Financial services has adopted AI faster and harder than most of the economy, and it has been disciplined about it: model validation, the second line, supervisory oversight. The trouble is that this discipline treats AI as a tool to be governed, not as something that now reaches the firm's largest judgements. The capital call, the read on the credit cycle, the pricing decision, the disclosure, the regulatory position: these are still made by people, and AI increasingly sits inside them, handing back a fluent answer that the model-risk framework was never built to challenge. Gildoni installs the Havruta Methodology (formerly the Think Partner Methodology) into how leadership teams reason with AI, so the discipline the sector already has at the model layer reaches the decisions that actually move capital. This is not model-risk software. It is the reasoning underneath the supervision.

01 · The pressure

The sector is the most AI-saturated and the most heavily governed at once

This is not a sector that has been slow to adopt AI, and it is not one that has been careless about it. Both things are true at the same time, and that is precisely where the pressure builds.

Banks and insurers run AI in more of their operations than almost any other industry, under more supervision than almost any other industry. The Bank of England's Deputy Governor for Financial Stability, Sarah Breeden, put the real worry plainly: models could, in theory, determine outcomes and make decisions "without a senior manager that sufficiently understands the rationale for those decisions and is directly accountable for them." The accountability is human. The reasoning is increasingly not.

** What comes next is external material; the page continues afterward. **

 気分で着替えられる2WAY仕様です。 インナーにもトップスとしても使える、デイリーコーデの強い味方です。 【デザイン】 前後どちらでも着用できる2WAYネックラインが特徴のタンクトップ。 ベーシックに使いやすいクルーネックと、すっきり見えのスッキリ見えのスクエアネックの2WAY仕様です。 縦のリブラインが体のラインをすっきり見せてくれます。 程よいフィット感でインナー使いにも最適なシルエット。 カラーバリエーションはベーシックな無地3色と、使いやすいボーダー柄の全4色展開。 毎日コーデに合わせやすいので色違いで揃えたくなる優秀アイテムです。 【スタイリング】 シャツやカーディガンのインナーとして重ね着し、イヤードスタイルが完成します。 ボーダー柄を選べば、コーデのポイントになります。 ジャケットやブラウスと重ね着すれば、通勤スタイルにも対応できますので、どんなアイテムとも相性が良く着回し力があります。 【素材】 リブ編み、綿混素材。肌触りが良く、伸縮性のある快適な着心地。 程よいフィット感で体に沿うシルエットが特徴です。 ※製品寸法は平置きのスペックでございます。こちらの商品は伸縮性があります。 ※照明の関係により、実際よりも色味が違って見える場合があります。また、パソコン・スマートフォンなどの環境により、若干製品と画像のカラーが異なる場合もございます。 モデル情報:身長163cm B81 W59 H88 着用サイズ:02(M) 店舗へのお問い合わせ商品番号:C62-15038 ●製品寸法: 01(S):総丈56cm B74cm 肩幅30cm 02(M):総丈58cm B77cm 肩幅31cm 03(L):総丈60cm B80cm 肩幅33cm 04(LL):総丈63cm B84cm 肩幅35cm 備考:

And the speed of adoption keeps outrunning the place where the judgement is supposed to sit.

Three numbers show how far AI has reached into the decisions, and how thin the reasoning around them still is.

75%/55%

of UK financial firms now use AI, and 55% of those use cases involve some autonomous decision-making. The machine is already inside the decision, not beside it.

Bank of England & FCA, AI in UK Financial Services Survey, 2024
19%to50%+

the share of AI content in algorithmic-trading patent applications rose from 19% in 2017 to over 50% every year since 2020. AI is moving from the back office into how markets price and trade.

36%

of CFOs are confident in their ability to drive enterprise AI impact, even as 59% of finance functions already use it. Adoption has run ahead of the judgement to direct it.

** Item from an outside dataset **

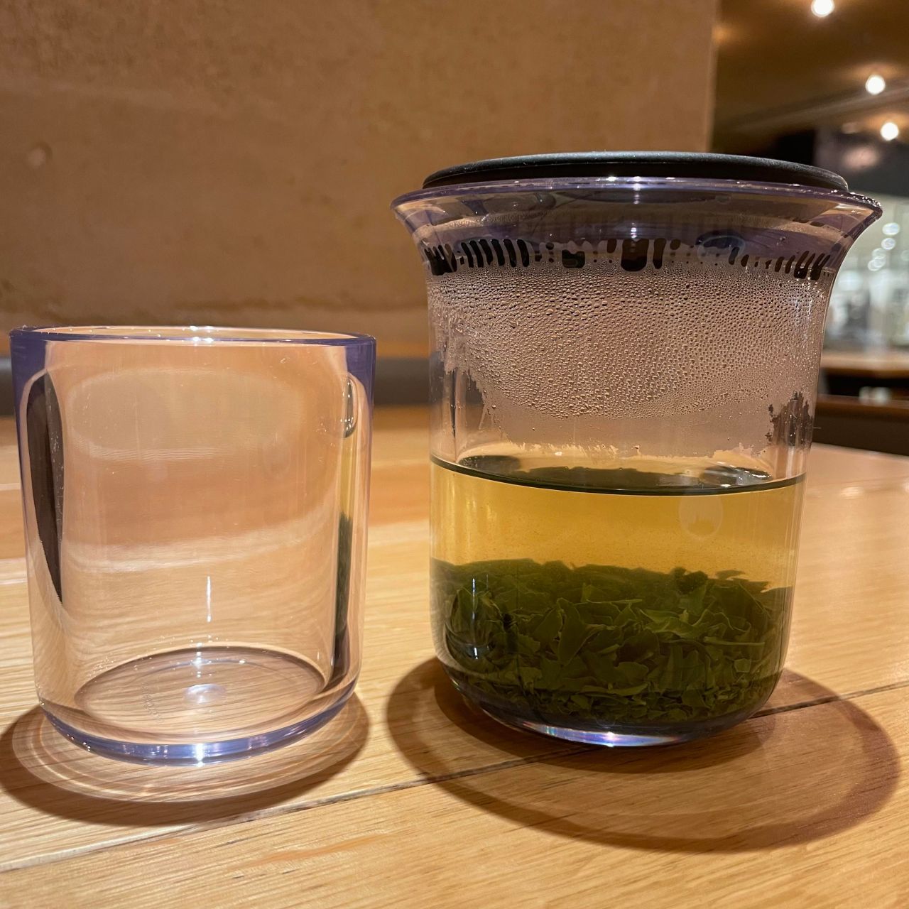 さて、上記の写真ではこれまでの白色の急須ではなく、透明の容器に新茶が入っていますね。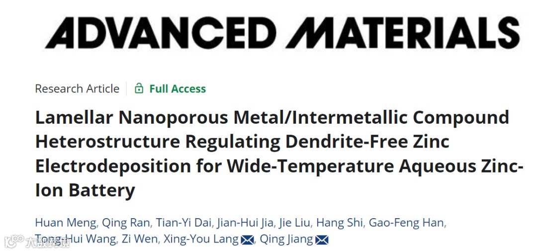 近日,来自吉林大学的郎兴友教授与蒋青教授在国际知名期刊Advanced Materials上发表题为“Lamellar Nanoporous Metal/Intermetallic Compound Heterostructure Regulating Dendrite-Free Zinc Electrodeposition for Wide-Temperature Aqueous Zinc-Ion Battery”的研究文章。该研究文章设计了一种具有层片状纳米多孔结构的Cu/Al2Cu金属/金属间化合物异质结构材料作为水系锌离子电池的无锌负极,在对其电化学性能进行研究的基础上阐明了异质结构电极对Zn2+剥离/电镀行的调控的内在机理,为进一步开发高性能水系锌离子电池负极提供了新的思路。

Gartner, AI in Finance Survey, 2025

The tooling is everywhere. The reasoning is the gap.

The models could, in theory, be used to determine outcomes and make decisions without a senior manager that sufficiently understands the rationale for those decisions and is directly accountable for them.
Sarah Breeden, Deputy Governor for Financial Stability, Bank of England
02 · The diagnosis

Why a well-governed sector still has this blind spot

If any sector should have caught this, it is this one. So why does the gap stay open? Three reasons, and they are products of the discipline, not failures of it.

The model-risk frame is built for the model, not the decision. Validation asks whether a model is fit, stable and explainable. It is very good at that. It does not ask whether the leadership team reasoned well about the capital position the model fed into, because that judgement was never inside its scope. So the largest calls travel up through a framework that quietly stops one layer below them.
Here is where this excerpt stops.